▸ **How to complete this task**: Down to the final line, print the records below exactly and without pictures.

-------------------------

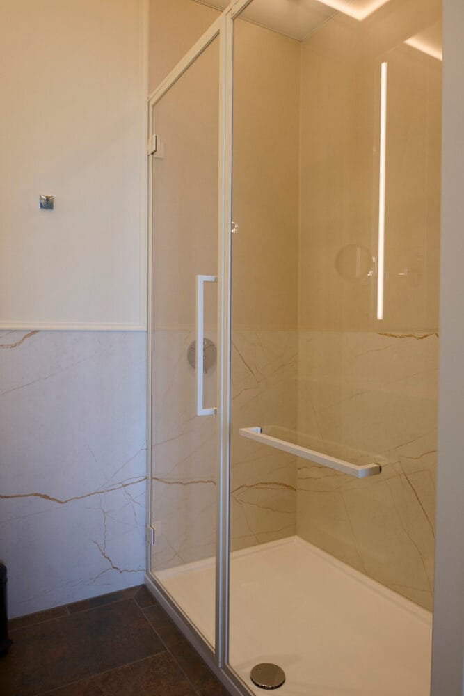 Volgens Kurvers was dat behoorlijk complex om te maken en hij stelde dan ook voor om het marmer te printen. ‘Ons advies is opgevolgd en zo hebben we alle kamers in het Carré van glaswanden voorzien, telkens opgebouwd uit drie verticale glasplaten met een minimale voeg. Het glas is aan de woonzijde voorzien van de marmerprint en aluminium bekleding, en aan de badkamerzijde van een spiegel en het badmeubel dat ook is bekleed met ons glas in marmerlook. De gepoedercoate profielen voor de kadering aan de bovenzijde hebben we op het glas verlijmd.’
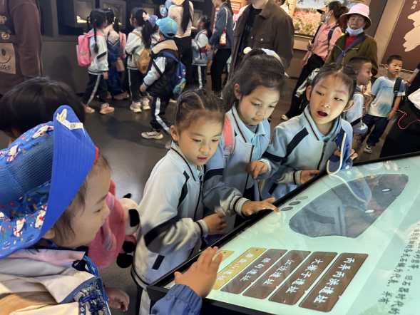 活动当天,小朋友们在老师的带领下整齐有序地进入博物馆。一踏入博物馆,小朋友们立刻被眼前琳琅满目的展品和充满科技感的多媒体交互装置所吸引,他们的眼中闪烁着好奇与兴奋的光芒。在讲解员的耐心讲解下,孩子们依次参观了各个展厅。从远古时期的化石,到4000年前的器型多样的陶器,每一件展品都仿佛在诉说着一段段悠久而动人的故事。
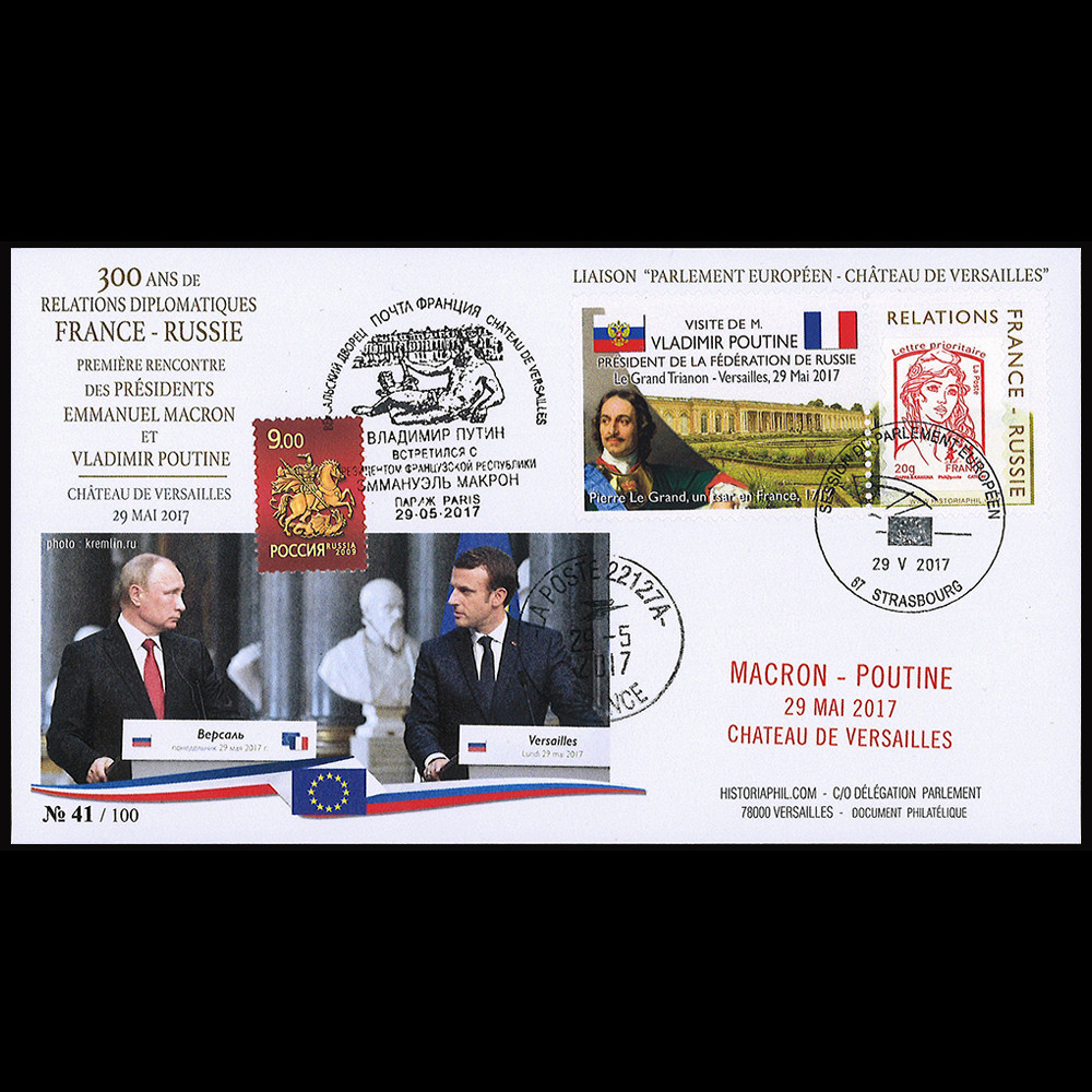 - Oblitération illustrée (russe) “Poutine - Macron, Château de Versailles - Paris 29-05.2017“
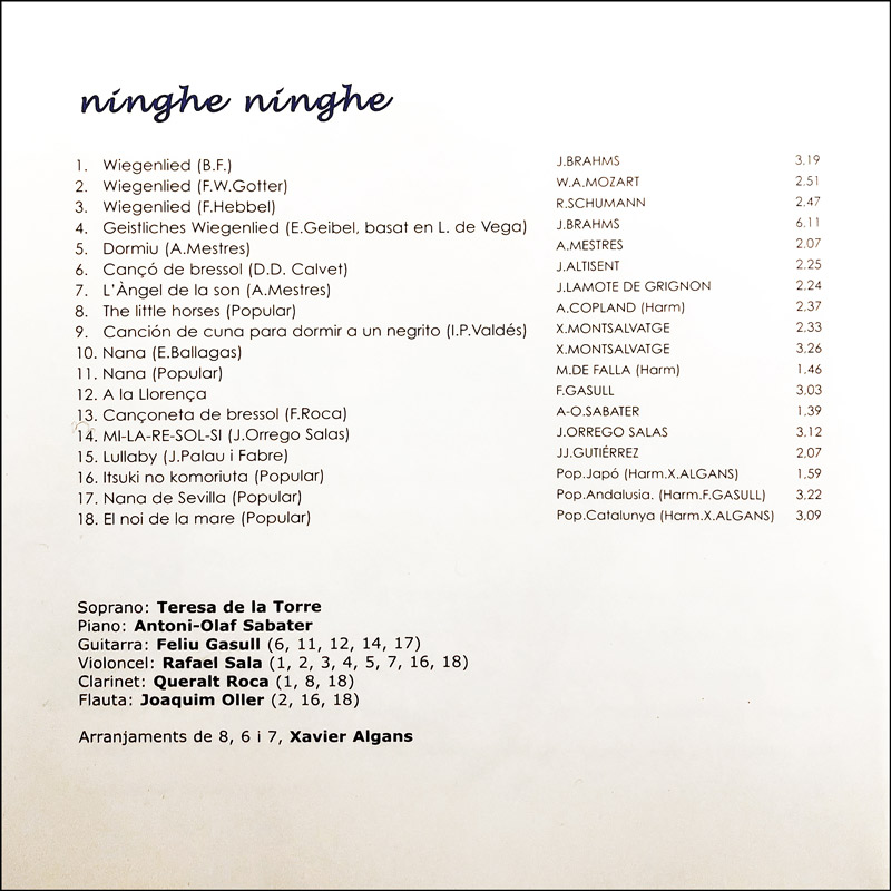 Intèrprets: Teresa de la Torre – veu, Antoni-Olaf Sabater – piano, Feliu Gasull – guitarra, Rafael Sala – violoncel, Queralt Roca – clarinet, Joaquim Oller – flauta
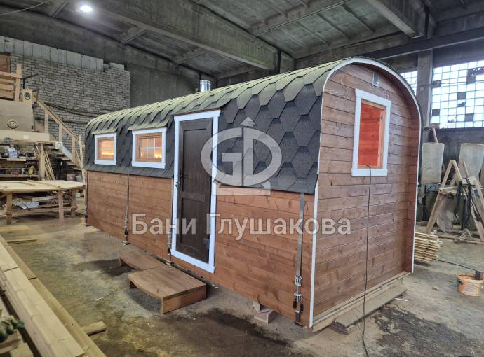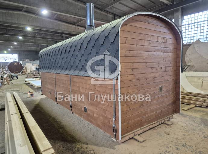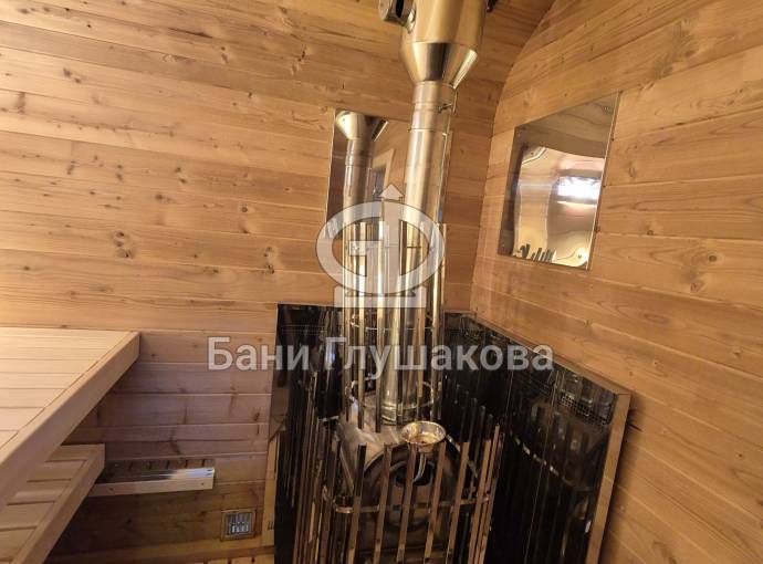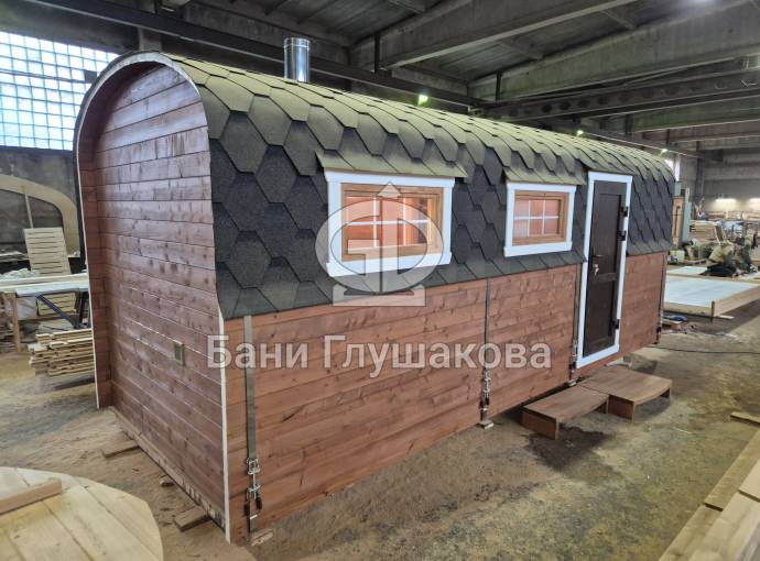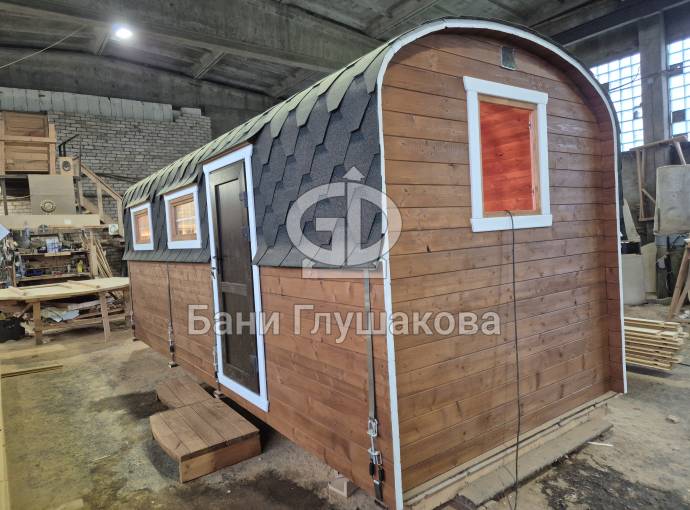 Вашему вниманию предлагаем новинку – перевозную баню «Буханочка» из бочковой термодоски. По сути это гибрид «Кареты» и «Буханочки».

-------------------------

▸ **Expected answer**:
 Volgens Kurvers was dat behoorlijk complex om te maken en hij stelde dan ook voor om het marmer te printen. ‘Ons advies is opgevolgd en zo hebben we alle kamers in het Carré van glaswanden voorzien, telkens opgebouwd uit drie verticale glasplaten met een minimale voeg. Het glas is aan de woonzijde voorzien van de marmerprint en aluminium bekleding, en aan de badkamerzijde van een spiegel en het badmeubel dat ook is bekleed met ons glas in marmerlook. De gepoedercoate profielen voor de kadering aan de bovenzijde hebben we op het glas verlijmd.’
 活动当天,小朋友们在老师的带领下整齐有序地进入博物馆。一踏入博物馆,小朋友们立刻被眼前琳琅满目的展品和充满科技感的多媒体交互装置所吸引,他们的眼中闪烁着好奇与兴奋的光芒。在讲解员的耐心讲解下,孩子们依次参观了各个展厅。从远古时期的化石,到4000年前的器型多样的陶器,每一件展品都仿佛在诉说着一段段悠久而动人的故事。
 - Oblitération illustrée (russe) “Poutine - Macron, Château de Versailles - Paris 29-05.2017“
 Intèrprets: Teresa de la Torre – veu, Antoni-Olaf Sabater – piano, Feliu Gasull – guitarra, Rafael Sala – violoncel, Queralt Roca – clarinet, Joaquim Oller – flauta
 Вашему вниманию предлагаем новинку – перевозную баню «Буханочка» из бочковой термодоски. По сути это гибрид «Кареты» и «Буханочки».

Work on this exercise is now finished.